The report argued that OECD countries needed to invest in human capital by educating underprivileged children, since poor families comprise the bottom 40 percent in income distribution, the Journal reported.
"Redistribution policies via taxes and transfers are a key tool to ensure the benefits of growth are more broadly distributed and the results suggest they need not be expected to undermine growth.
"But it is also important to promote equality of opportunity in access to and quality of education," the OECD report said.
In
measuring inequality of income the OECD said that northern European countries such as Sweden (at 6.3 percent) were less unequal than Britain (9.6 percent) and the U.S. (16.5 percent).
Of the 34 OECD countries, inequality was highest in Mexico, where the top 10 percent enjoys incomes 30 times larger than the bottom 10 percent, the Journal reported.
OECD economist Mark Pearson said the report showed a convincing link between rising inequality and weaker economic growth.

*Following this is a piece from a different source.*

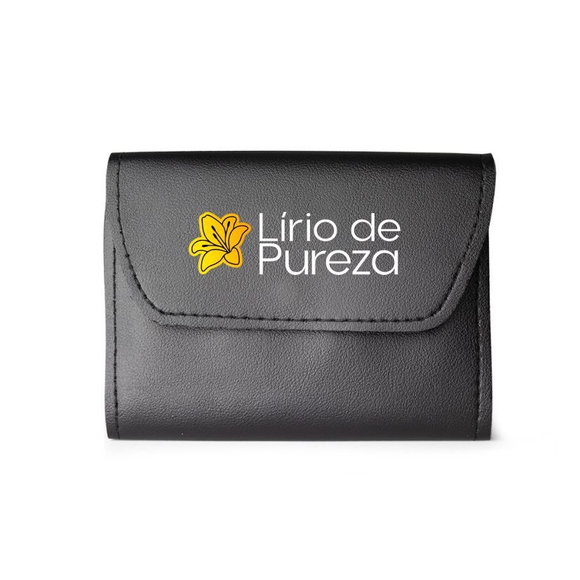 Kit manicure 16 peças em estojo de couro sintético estilo envelope, contém: tesoura, alicate de cutícula, pinça, 3 cortadores de unha, lixa, 2 bisturis, raspador, empurrador de cutícula, removedor de cutícula, espátula dupla para limpeza das unhas, limpador de ouvido, palito de unha e espátula para ouvido.

The report argued that U.S. economic growth would be 6 percent to 7 percent stronger had inequality not increased over the two decades from the 1990s to 2010, and the British economy nearly 9 percent more robust. It said that raising taxes to redistribute wealth would aid growth, according to the Journal.
There are some
120 million Europeans at or near the poverty level. The influx of millions of immigrants to Europe may have contributed to the income disparity. Many immigrants, particularly from Muslim countries, have become
dependent on welfare.
Immigration critics note that the governments of Denmark, Norway and Sweden devote substantial portions of their budget to helping support non-European immigrants.
The
34-nation OECD sees its role as setting international standards to promote economic, social and environmental change and to recommend policies intended to improve the quality of people's lives.